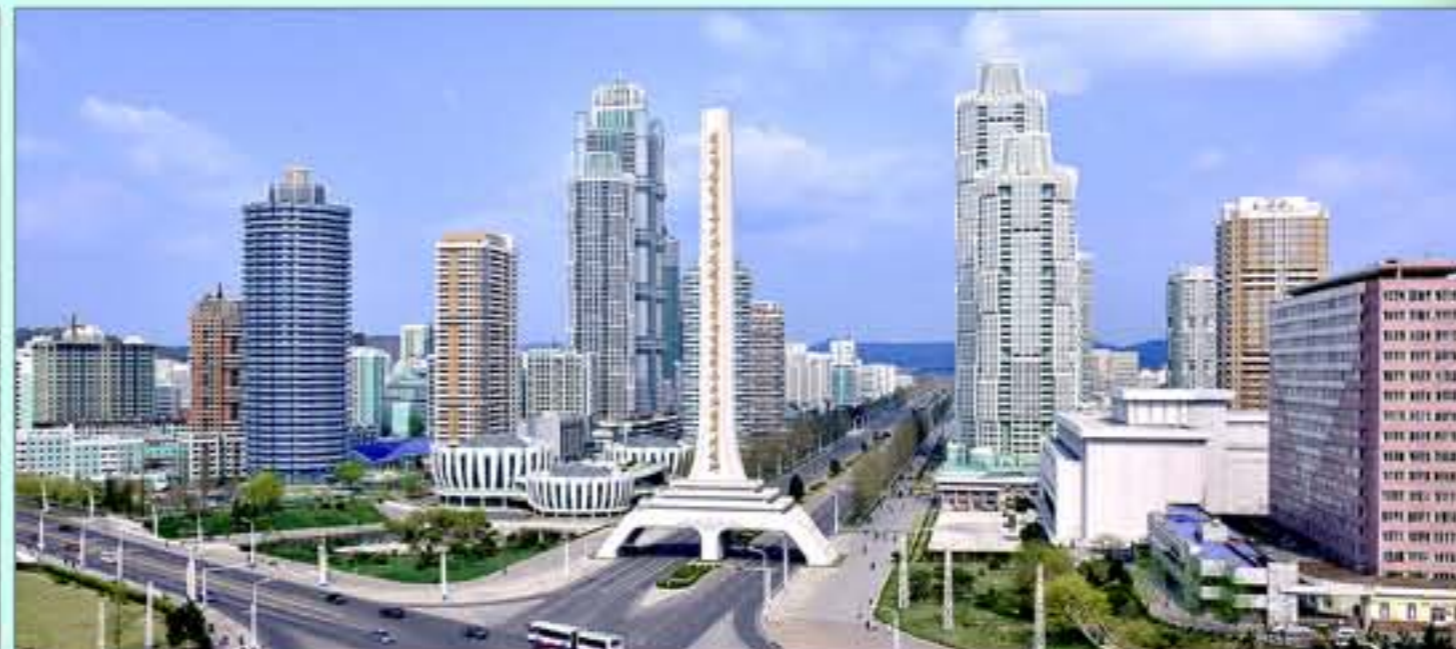
Ryomyong Street built in 2017
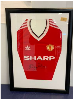
210. M - SIGNED MAN UTD SHIRT - BRYAN ROBSON - 9th MAY -CHESTER
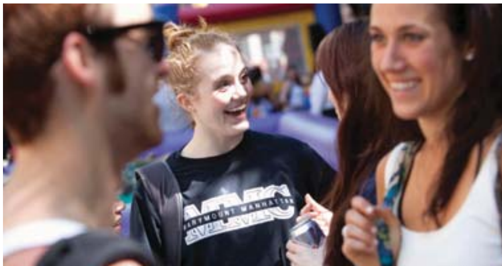
There are many opportunities for MMC students to engage and make new friends.

The primary responsibility of the Department of Campus Safety is to ensure a safe environment for our students, employees and visitors. There is 24/7 security and/or concierge service provided on campus, at the 55th Street Residence Hall, at the de Hirsch Residence Hall, and at Manhattan Park on Roosevelt Island. The department maintains an excellent working relationship with the New York City Police Department and the police precincts that provide service to all MMC facilities. The Director of Campus Safety and Security Supervisors are all former members of the NYPD. For information, call the MMC Main Security Desk at (212) 517-0411.

────────────────────────────────────────

Would you set down only the lines above from the line with "210. M - SIGNED" to the line with "There are many", both included, exactly as they stand and without the pictures?

210. M - SIGNED MAN UTD SHIRT - BRYAN ROBSON - 9th MAY -CHESTER
There are many opportunities for MMC students to engage and make new friends.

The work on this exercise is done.